The government is likely to request the Supreme Court to club together all the Goods and Services Tax (GST) online gaming cases that are currently under litigation on the grounds of a single principle, a senior Finance Ministry official said.
“The online gaming cases are pending in the Supreme Court on the taxability issue. The final decision on it will be taken by the Supreme Court and one cannot have multiple interpretations of the same law. So the request is to tag all the cases together,” the official told Moneycontrol.
If the Supreme Court agrees, it will pass an order saying that since the cases are pending before it, all the matters can be tagged instead of multiple orders being passed. “The request is to club these into a single litigation on the principle of it. Some of the earlier major decisions of the Supreme Court are in the name of a company but the list of tagged cases go up to 40-100,” he said. The transfer can only be initiated at the discretion of the Supreme Court.
Clubbing of all the GST online gaming company cases will save the Central Board of Indirect Taxes and Customs (CBIC) resources and time.
The request to transfer comes when the Supreme is about to take up the case of Gameskraft, a Bengaluru-based gaming company that was first issued a notice in 2022, to pay Rs 21,000 crore in GST arrears from 2017 to June 30, 2022. The company disputed the order. While the Karnataka High Court quashed the notice, the SC stayed the HC order quashing the notice. The case is expected to be heard by the SC in the coming weeks.
The GST Council approved 28 percent GST on all online games from October 1, 2023. It also interpreted that between 2017 and Oct 1, 2023 all online games involving bets, irrespective of skill or chance, needed to pay a GST rate of 28 percent on the full value of the bets placed, as it fell under the category of gambling. As a result of this, the online gaming companies have been issued GST notices valued at Rs one lakh crore so far this year.

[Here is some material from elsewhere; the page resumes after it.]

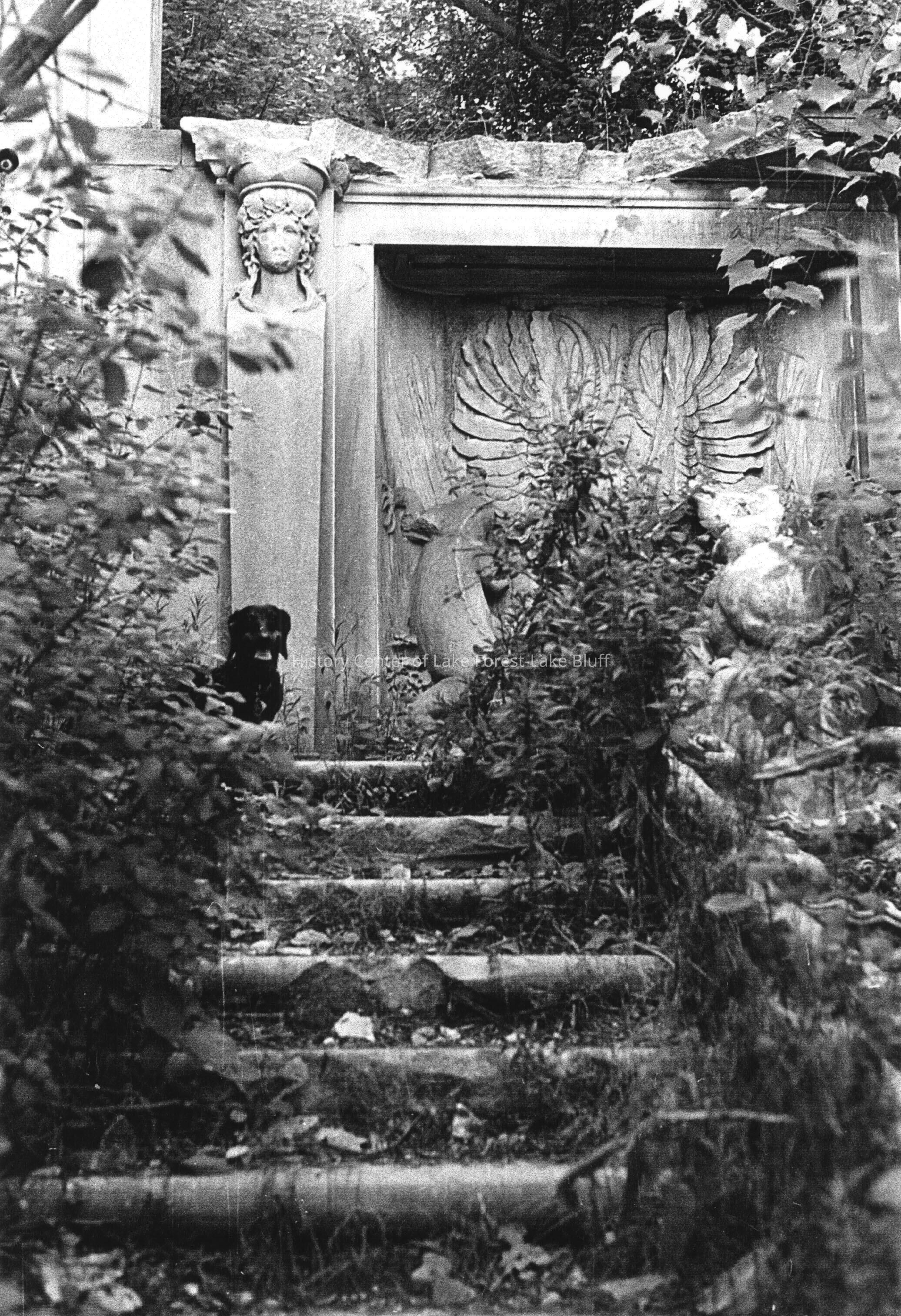 Villa Turicum - Edith R. & Harold F. McCormick Black and white photograph of concrete steps and scupture, which is in a state of ruin and over growth. There is a black dog sitting at the top.

Several online gaming firms have been engaged in a tussle with the government over this. While the companies have taken a stand that 28 percent tax is applicable only from October 1 of 2023, the government has interpreted that it will apply to the period prior to October 1 as well. According to the government, the October 1 onwards revision only provided clarity to a law that was already in force.
Currently, the Bombay HC, the Goa bench of Bombay HC, and the Sikkim HC are hearing cases pertaining to GST notices to online gaming companies and casinos. Popular online gaming company, Dream 11’s parent company filed a writ petition against the tax demand, following which several other companies including major players such as Games 24×7 and Head Digital Works, have moved petitions.
In October, gaming major Delta Corp, said in an exchange filing that the Bombay High Court in Goa has examined the writ petitions submitted by both the company and its subsidiaries regarding the show cause notices issued by tax authorities and issued an order, prohibiting the authorities from making definitive decisions without prior court approval. Similarly, the Sikkim High Court has stayed a GST demand notice of Rs 628 crore against Delta Corp.